In 2024 it’s still better in a union
Northwest Labor Press
By Graham Trainor
Jan. 18, 2024
What lies ahead for labor in 2024? Will the momentum gained by working people in 2023 continue into the new year? Was last year just the beginning of even more exciting and powerful wins for the working class? Much has been discussed about 2023 being such a historic year for working people and the labor movement, and now all attention has turned towards the coming year and what it will hold.
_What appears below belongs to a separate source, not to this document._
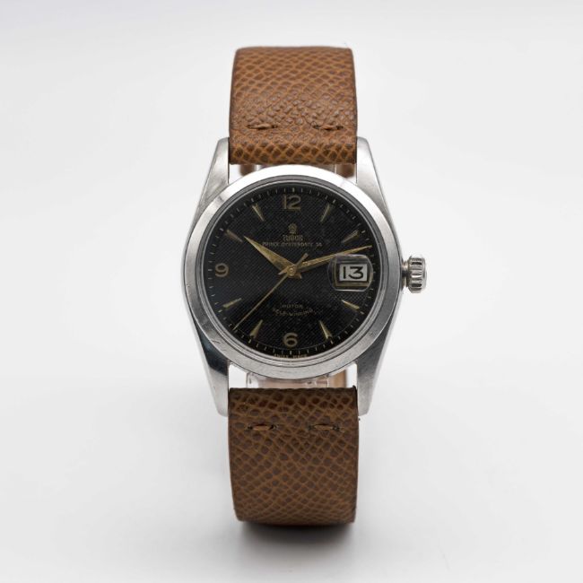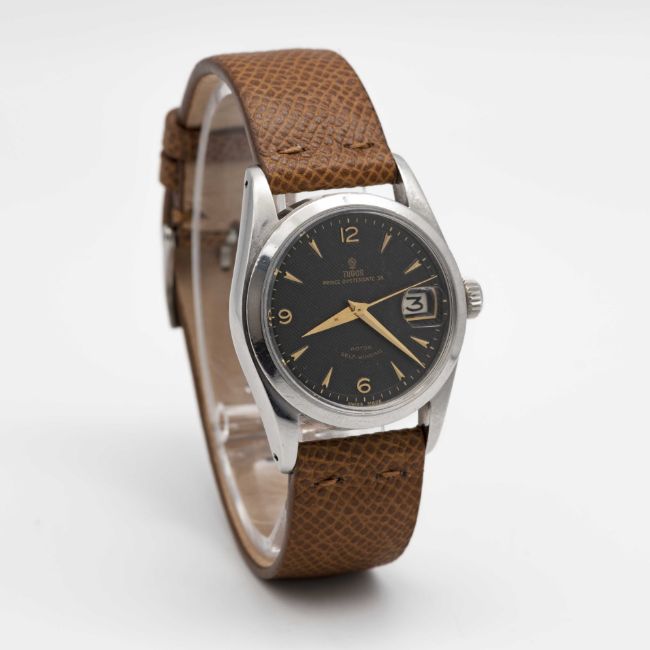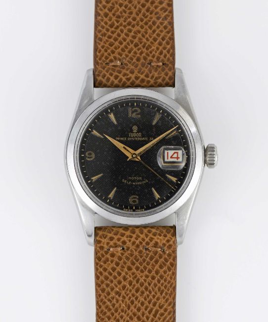 A RARE GENTLEMAN'S STAINLESS STEEL ROLEX TUDOR PRINCE OYSTERDATE 34 WRIST WATCHCIRCA 1950s, REF. 7944 WITH GLOSS BLACK "HONEYCOMB" DIAL & "ROULETTE" DATEMovement: 17J, automatic, "butterfly" rotor, signed Tudor Auto-Prince.Case: Diameter approx. 35mm, Oyster case, signed Montres Tudor S.A., no visible numbers, Rolex crown.Strap: Leather.CONDITION REPORTDial: Original dial in very good condition, showing small signs of age.Movement: Running & functioning at present, timekeeping and accuracy cannot be guaranteed.Case: In good condition, with some scratches and wear due to general use.Strap/Bracelet: In excellent condition.

And just as we saw historic gains made in 2023 – including nearly a million workers winning a more than double-digit and life-changing pay increase due to the strength and the effectiveness of the labor movement – it’s fair to say that we’re indeed, just getting started. At a time of great disillusionment and precarity in society and across our nation’s economy, working people are looking around to see what might help them find some stability and some progress in an ever-changing and challenging world. And as Americans are increasingly fed up with institutions, politicians, and the status quo, and with approval ratings for most major institutions – including Congress – plummeting, strong and growing support for the labor movement helps to showcase what we’ve said for years – life is better in a union.